EXTRACTED ENTRIES —
--- --- ---
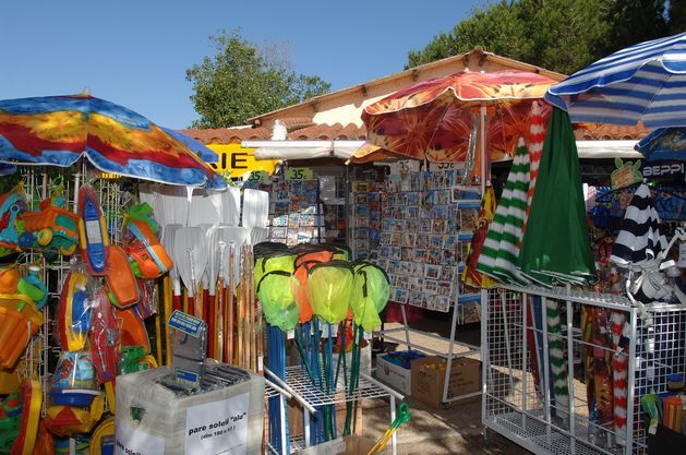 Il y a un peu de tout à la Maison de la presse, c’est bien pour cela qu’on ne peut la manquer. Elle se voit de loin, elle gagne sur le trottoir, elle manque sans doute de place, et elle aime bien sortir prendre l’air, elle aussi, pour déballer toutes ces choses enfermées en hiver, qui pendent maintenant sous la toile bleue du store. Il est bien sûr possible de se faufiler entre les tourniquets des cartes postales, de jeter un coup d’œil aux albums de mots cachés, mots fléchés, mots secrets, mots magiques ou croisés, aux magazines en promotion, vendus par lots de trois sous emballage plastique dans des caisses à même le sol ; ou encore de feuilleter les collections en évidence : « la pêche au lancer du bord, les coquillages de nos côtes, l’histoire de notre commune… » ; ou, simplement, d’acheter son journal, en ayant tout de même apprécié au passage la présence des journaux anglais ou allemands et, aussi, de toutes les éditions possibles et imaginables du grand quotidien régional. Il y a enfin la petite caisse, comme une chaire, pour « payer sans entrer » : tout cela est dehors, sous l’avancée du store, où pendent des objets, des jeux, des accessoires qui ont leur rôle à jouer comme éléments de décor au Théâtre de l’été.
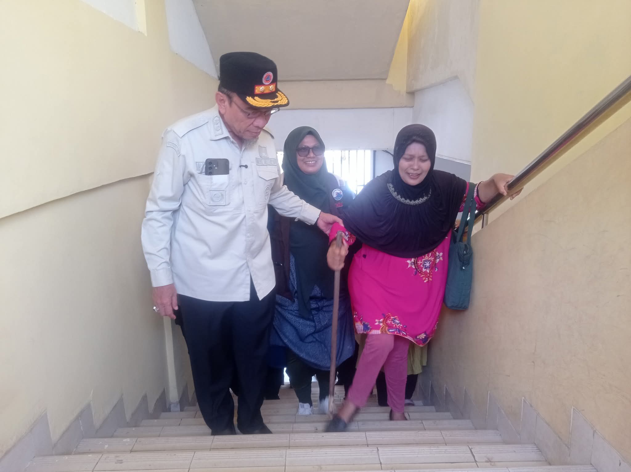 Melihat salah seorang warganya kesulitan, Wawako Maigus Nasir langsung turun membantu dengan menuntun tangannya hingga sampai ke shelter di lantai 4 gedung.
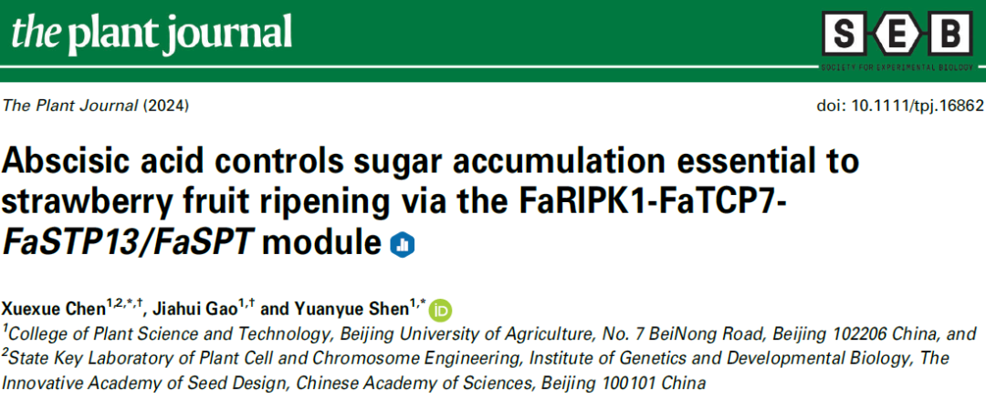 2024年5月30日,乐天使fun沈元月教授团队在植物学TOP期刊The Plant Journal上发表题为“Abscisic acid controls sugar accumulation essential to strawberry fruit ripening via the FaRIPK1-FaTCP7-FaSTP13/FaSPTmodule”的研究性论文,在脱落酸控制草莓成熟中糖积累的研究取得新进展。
--- --- ---
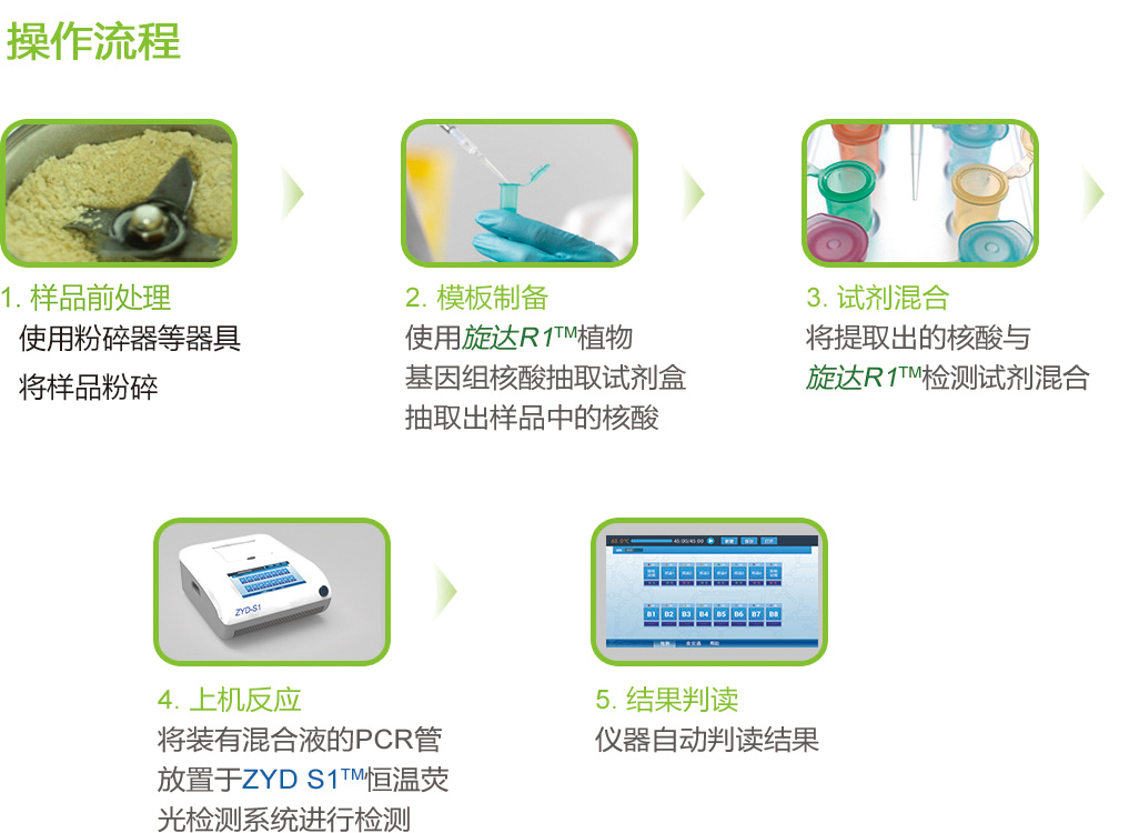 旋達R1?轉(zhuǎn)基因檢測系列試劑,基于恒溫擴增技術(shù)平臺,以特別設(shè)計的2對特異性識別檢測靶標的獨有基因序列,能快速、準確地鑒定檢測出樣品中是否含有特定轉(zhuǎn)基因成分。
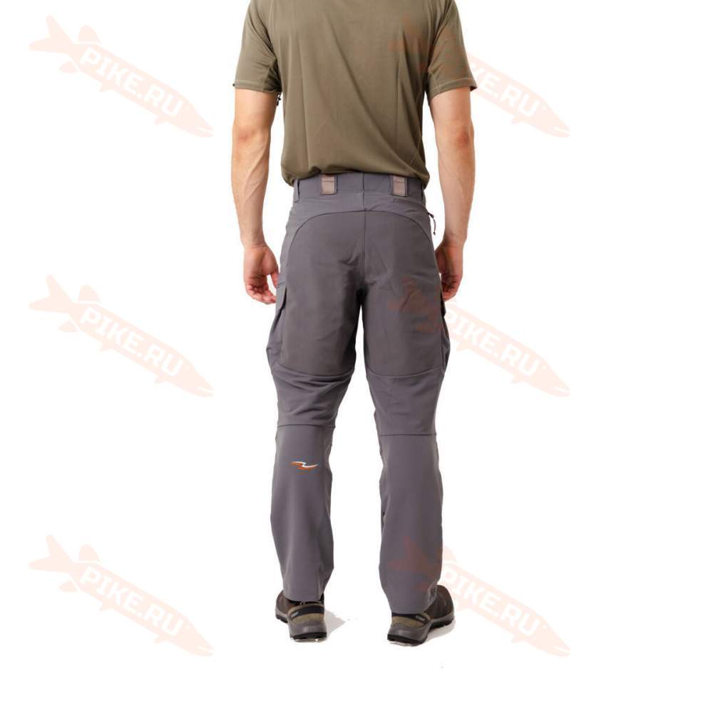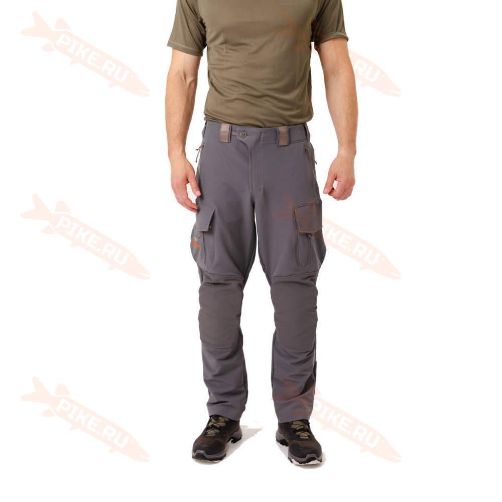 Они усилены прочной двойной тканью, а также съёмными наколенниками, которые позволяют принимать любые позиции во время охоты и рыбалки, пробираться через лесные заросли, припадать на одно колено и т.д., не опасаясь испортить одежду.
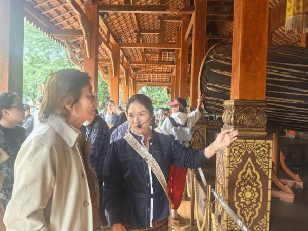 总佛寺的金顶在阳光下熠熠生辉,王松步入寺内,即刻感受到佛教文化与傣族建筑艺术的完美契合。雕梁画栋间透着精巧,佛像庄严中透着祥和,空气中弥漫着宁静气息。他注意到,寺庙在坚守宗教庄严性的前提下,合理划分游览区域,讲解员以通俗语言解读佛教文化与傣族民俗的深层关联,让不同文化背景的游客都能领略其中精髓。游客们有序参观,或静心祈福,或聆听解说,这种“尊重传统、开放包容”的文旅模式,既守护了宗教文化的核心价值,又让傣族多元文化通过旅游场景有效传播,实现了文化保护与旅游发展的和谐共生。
--- --- ---
INSTRUCTIONS FOR THE TASK — Take the entries above and copy exactly the lines starting at the one with "Il y a un peu" and ending at the one with "acid controls sugar"; nothing outside that span, and no pictures.

THE ANSWER —
 Il y a un peu de tout à la Maison de la presse, c’est bien pour cela qu’on ne peut la manquer. Elle se voit de loin, elle gagne sur le trottoir, elle manque sans doute de place, et elle aime bien sortir prendre l’air, elle aussi, pour déballer toutes ces choses enfermées en hiver, qui pendent maintenant sous la toile bleue du store. Il est bien sûr possible de se faufiler entre les tourniquets des cartes postales, de jeter un coup d’œil aux albums de mots cachés, mots fléchés, mots secrets, mots magiques ou croisés, aux magazines en promotion, vendus par lots de trois sous emballage plastique dans des caisses à même le sol ; ou encore de feuilleter les collections en évidence : « la pêche au lancer du bord, les coquillages de nos côtes, l’histoire de notre commune… » ; ou, simplement, d’acheter son journal, en ayant tout de même apprécié au passage la présence des journaux anglais ou allemands et, aussi, de toutes les éditions possibles et imaginables du grand quotidien régional. Il y a enfin la petite caisse, comme une chaire, pour « payer sans entrer » : tout cela est dehors, sous l’avancée du store, où pendent des objets, des jeux, des accessoires qui ont leur rôle à jouer comme éléments de décor au Théâtre de l’été.
 Melihat salah seorang warganya kesulitan, Wawako Maigus Nasir langsung turun membantu dengan menuntun tangannya hingga sampai ke shelter di lantai 4 gedung.
 2024年5月30日,乐天使fun沈元月教授团队在植物学TOP期刊The Plant Journal上发表题为“Abscisic acid controls sugar accumulation essential to strawberry fruit ripening via the FaRIPK1-FaTCP7-FaSTP13/FaSPTmodule”的研究性论文,在脱落酸控制草莓成熟中糖积累的研究取得新进展。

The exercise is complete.